In the entries that follow, find the line containing "GitLab had a" and the line containing "À la veille", then retype exactly the lines from the first through the second, pictures excluded.
══ Source information
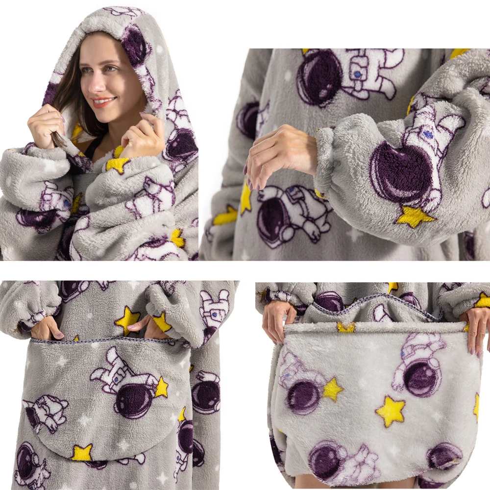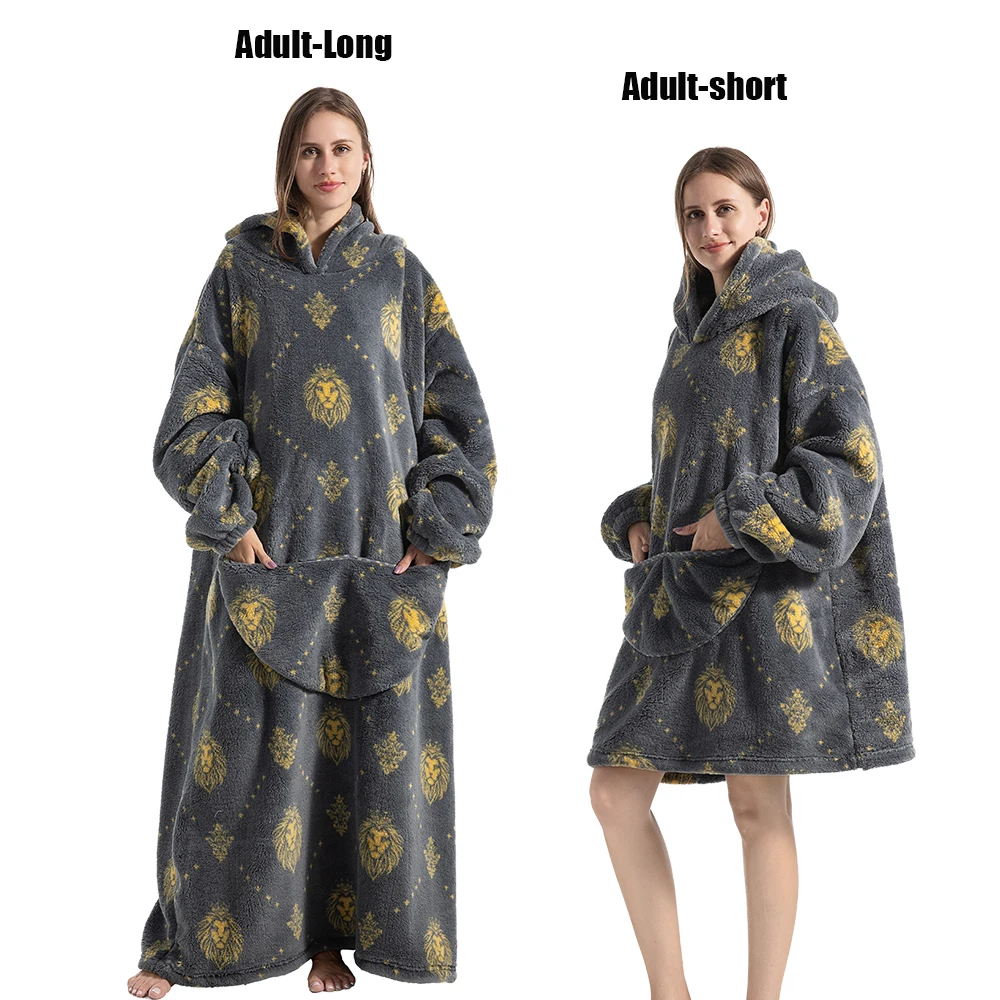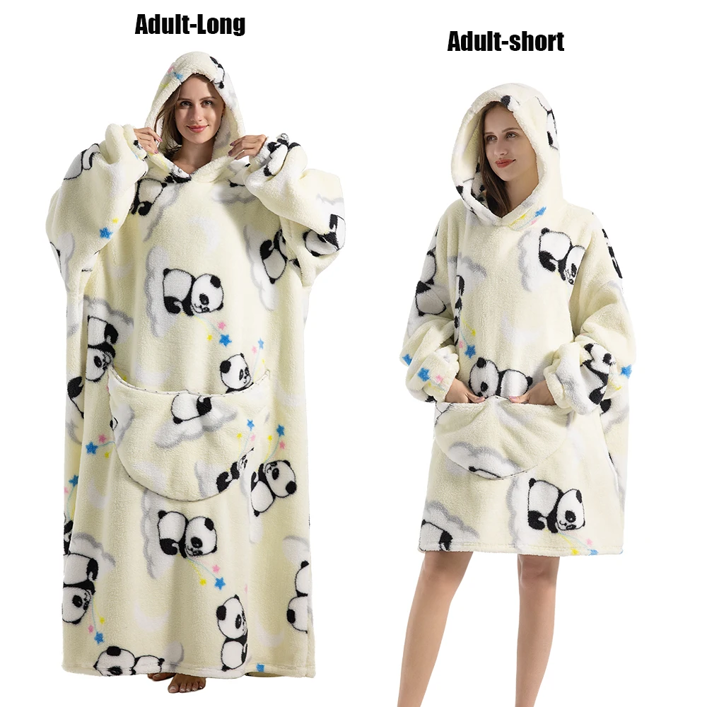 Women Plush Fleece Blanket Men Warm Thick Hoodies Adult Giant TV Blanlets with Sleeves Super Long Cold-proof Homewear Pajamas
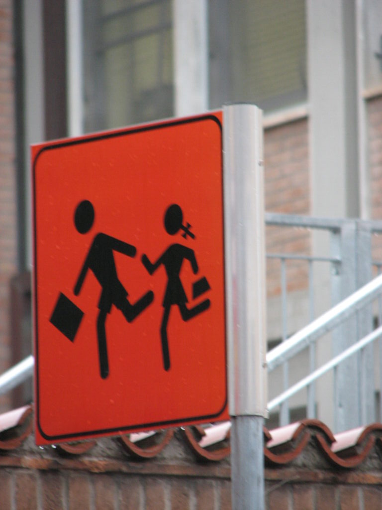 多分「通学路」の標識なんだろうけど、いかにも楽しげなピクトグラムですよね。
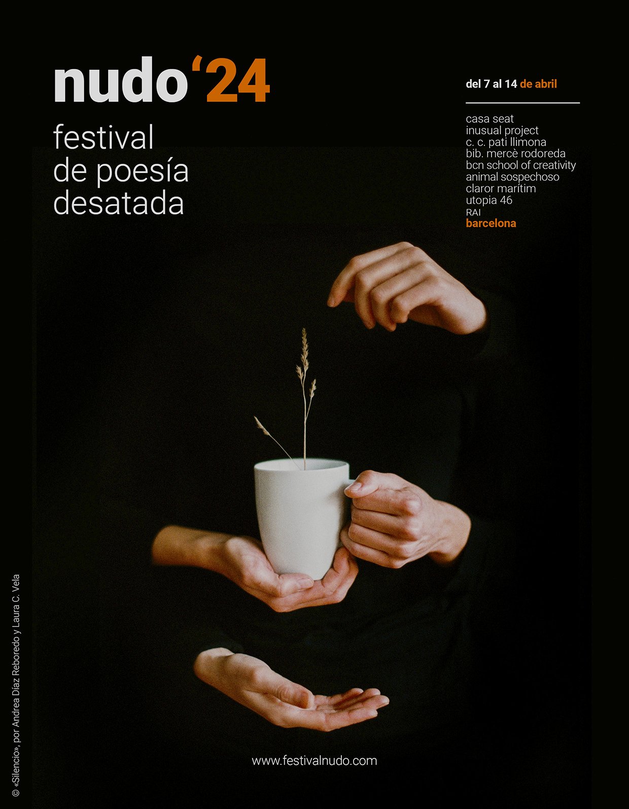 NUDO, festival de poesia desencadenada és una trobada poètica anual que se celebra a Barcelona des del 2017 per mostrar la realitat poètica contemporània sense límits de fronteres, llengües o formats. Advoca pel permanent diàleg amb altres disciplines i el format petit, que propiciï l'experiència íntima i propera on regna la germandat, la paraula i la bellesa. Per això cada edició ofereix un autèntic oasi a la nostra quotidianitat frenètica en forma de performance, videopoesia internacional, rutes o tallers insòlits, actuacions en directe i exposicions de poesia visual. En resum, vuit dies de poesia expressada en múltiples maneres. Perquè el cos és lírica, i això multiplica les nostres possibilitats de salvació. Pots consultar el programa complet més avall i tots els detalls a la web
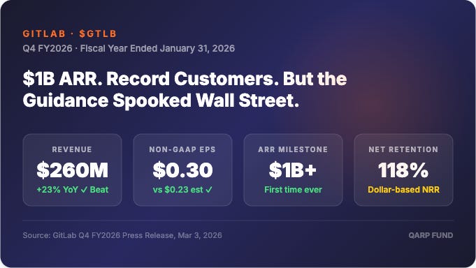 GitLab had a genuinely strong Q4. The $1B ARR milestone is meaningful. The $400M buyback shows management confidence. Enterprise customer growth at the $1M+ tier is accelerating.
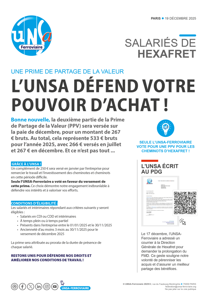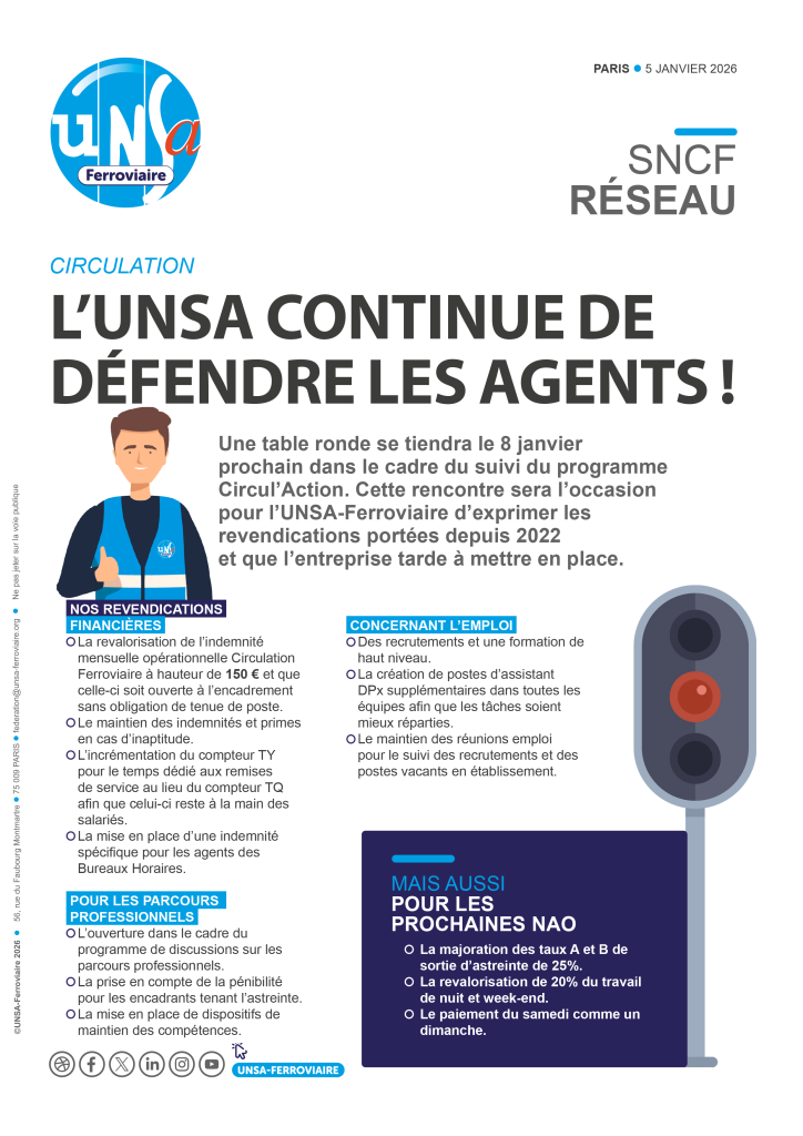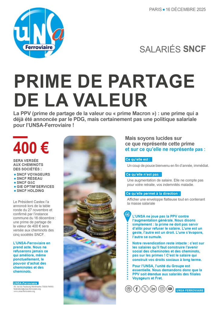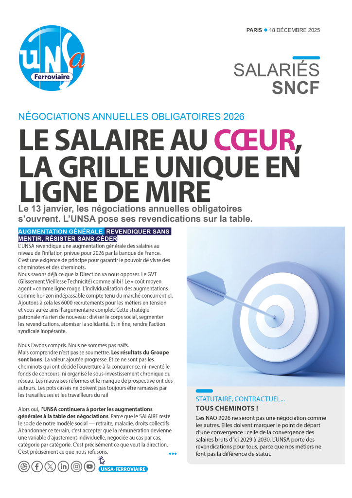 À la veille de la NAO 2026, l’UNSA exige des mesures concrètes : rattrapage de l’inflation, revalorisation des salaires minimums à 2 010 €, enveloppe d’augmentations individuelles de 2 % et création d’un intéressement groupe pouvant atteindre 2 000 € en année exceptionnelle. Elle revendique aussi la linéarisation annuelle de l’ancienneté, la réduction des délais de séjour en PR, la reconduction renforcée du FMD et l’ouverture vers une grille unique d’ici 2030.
════
══ Source information
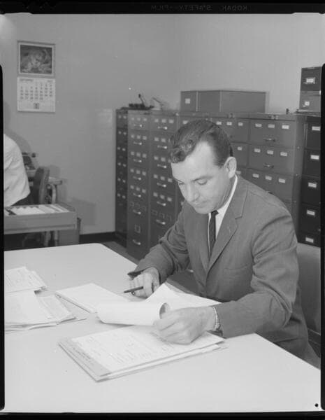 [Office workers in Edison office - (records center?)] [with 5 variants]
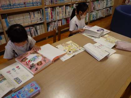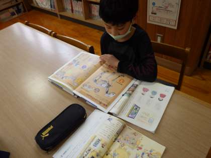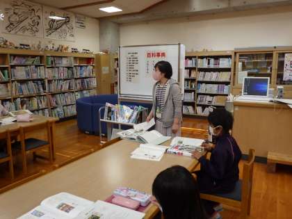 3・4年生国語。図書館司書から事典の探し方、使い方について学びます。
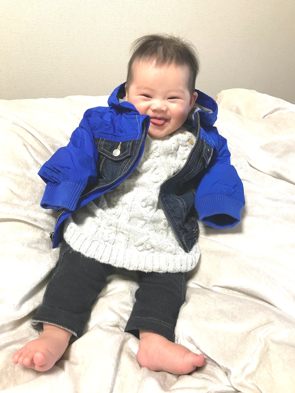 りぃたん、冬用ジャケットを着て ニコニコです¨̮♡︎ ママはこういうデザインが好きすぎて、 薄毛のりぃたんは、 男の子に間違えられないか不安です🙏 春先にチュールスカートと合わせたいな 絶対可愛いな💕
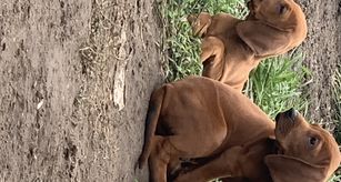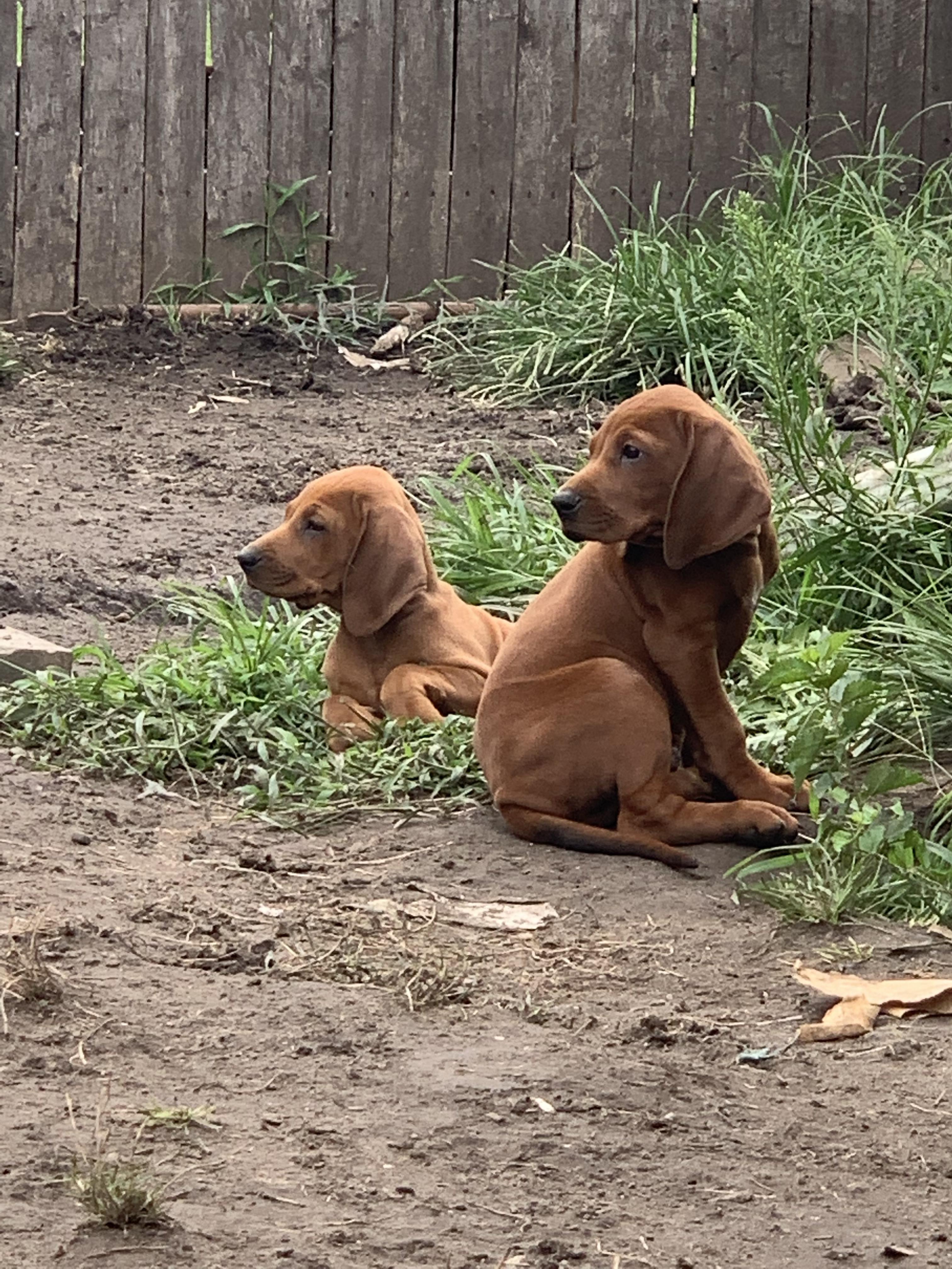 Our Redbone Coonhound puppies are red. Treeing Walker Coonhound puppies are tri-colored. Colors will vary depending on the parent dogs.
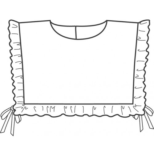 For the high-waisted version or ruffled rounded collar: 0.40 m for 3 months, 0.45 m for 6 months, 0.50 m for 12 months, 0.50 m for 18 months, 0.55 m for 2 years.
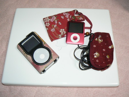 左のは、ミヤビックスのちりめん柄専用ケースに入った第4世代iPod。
════
Answer section
 GitLab had a genuinely strong Q4. The $1B ARR milestone is meaningful. The $400M buyback shows management confidence. Enterprise customer growth at the $1M+ tier is accelerating.
 À la veille de la NAO 2026, l’UNSA exige des mesures concrètes : rattrapage de l’inflation, revalorisation des salaires minimums à 2 010 €, enveloppe d’augmentations individuelles de 2 % et création d’un intéressement groupe pouvant atteindre 2 000 € en année exceptionnelle. Elle revendique aussi la linéarisation annuelle de l’ancienneté, la réduction des délais de séjour en PR, la reconduction renforcée du FMD et l’ouverture vers une grille unique d’ici 2030.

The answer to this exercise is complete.